**Data for this task:**

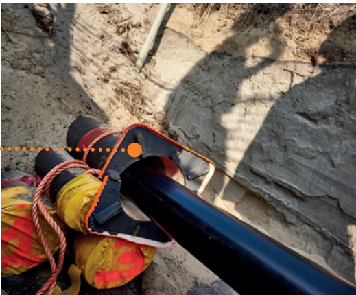
Wachtbuizen voor een dubbele 150kV-verbinding.
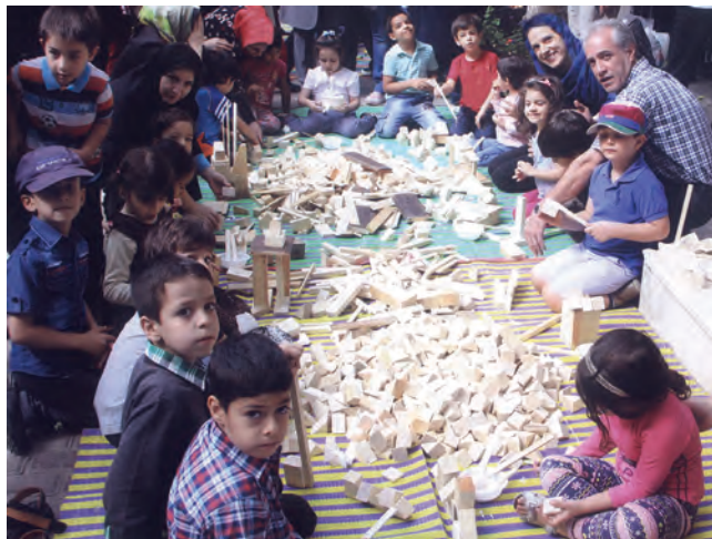
شکل ۱۷- فعالیت مشارکتی

۶ ت: تعادل در تقسیم کار: با تقسیم کار بین کودکان برای انجام فعالیت مشارکتی، شرح وظایف کودکان مشخص‌تر و تخصصی‌تر می‌شود، تداخل کاری به وجود نمی‌آید و توازن کار بین کودکان ایجاد می‌شود (شکل ۱۷).
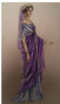
FIGURA. 9 'Stola'

L'antiga Roma era semblant a l'antiga Grècia en relació amb les teles i formes de les robes. La diferència principal era que els homes i les dones tenien peces de roba diferents. Aquí ja va començar a diferenciar-se l'estil femení del masculí. Mentre els homes duïen una túnica bàsica, elles duïen la 'stola', una peça de roba que era una mica més elaborada que la indumentària usada normalment, és a dir, estava més decorada.
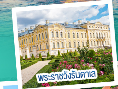
พระราชวังรินดาอาล
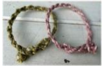
ワークショップでは「ベチバー」を使ってミサンガを作る体験も

その他、 沖縄物産展、噴水広場、水族館の3つのエリアを巡るとオリジナルステッカーがもらえるスタンプラリー を開催します。さらに、館内2階「ショップアクアポケット」では、めんそーれフェスタ期間よりオリジナルニット製エコバッグや、売上げの一部がサンゴの植え付けや保全活動に活用される「Sunna(さんな)ちゃんの恩返し黒糖」も販売しています。また、サンゴプロジェクト20周年の企画として、募金箱を設置しています。集まった募金は、恩納村へ寄付され、サンゴの健康チェック、ビーチクリーンなどの活動に使用いたします。
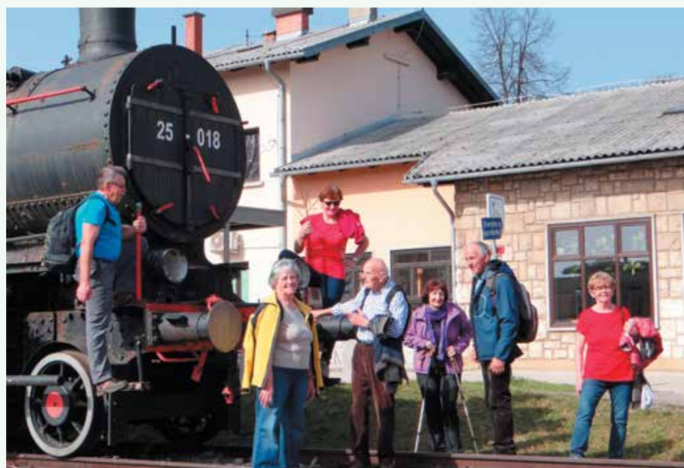
Tja s »kanarčkom«, tam smo si ogledali zgodovinsko »čihačuho«, nazaj pa z »modrinčkom«.
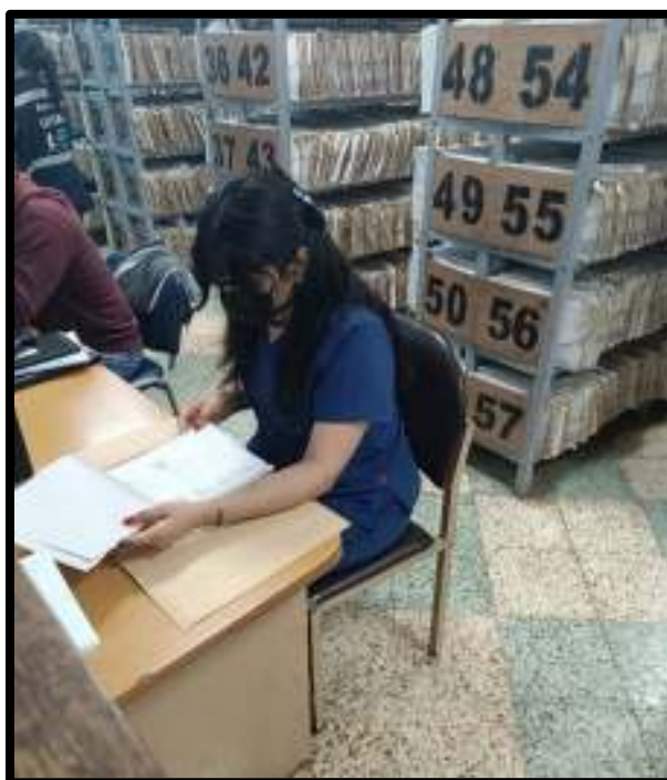
Foto 1. Revisión de historias clínicas

**Exercise objective:**
With the line containing "شکل ۱۷- فعالیت مشارکتی" as the first line and the last line of the listing as the final one, reproduce that span exactly, without pictures.

**Completed exercise:**
شکل ۱۷- فعالیت مشارکتی

۶ ت: تعادل در تقسیم کار: با تقسیم کار بین کودکان برای انجام فعالیت مشارکتی، شرح وظایف کودکان مشخص‌تر و تخصصی‌تر می‌شود، تداخل کاری به وجود نمی‌آید و توازن کار بین کودکان ایجاد می‌شود (شکل ۱۷).
FIGURA. 9 'Stola'

L'antiga Roma era semblant a l'antiga Grècia en relació amb les teles i formes de les robes. La diferència principal era que els homes i les dones tenien peces de roba diferents. Aquí ja va començar a diferenciar-se l'estil femení del masculí. Mentre els homes duïen una túnica bàsica, elles duïen la 'stola', una peça de roba que era una mica més elaborada que la indumentària usada normalment, és a dir, estava més decorada.
พระราชวังรินดาอาล
ワークショップでは「ベチバー」を使ってミサンガを作る体験も

その他、 沖縄物産展、噴水広場、水族館の3つのエリアを巡るとオリジナルステッカーがもらえるスタンプラリー を開催します。さらに、館内2階「ショップアクアポケット」では、めんそーれフェスタ期間よりオリジナルニット製エコバッグや、売上げの一部がサンゴの植え付けや保全活動に活用される「Sunna(さんな)ちゃんの恩返し黒糖」も販売しています。また、サンゴプロジェクト20周年の企画として、募金箱を設置しています。集まった募金は、恩納村へ寄付され、サンゴの健康チェック、ビーチクリーンなどの活動に使用いたします。
Tja s »kanarčkom«, tam smo si ogledali zgodovinsko »čihačuho«, nazaj pa z »modrinčkom«.
Foto 1. Revisión de historias clínicas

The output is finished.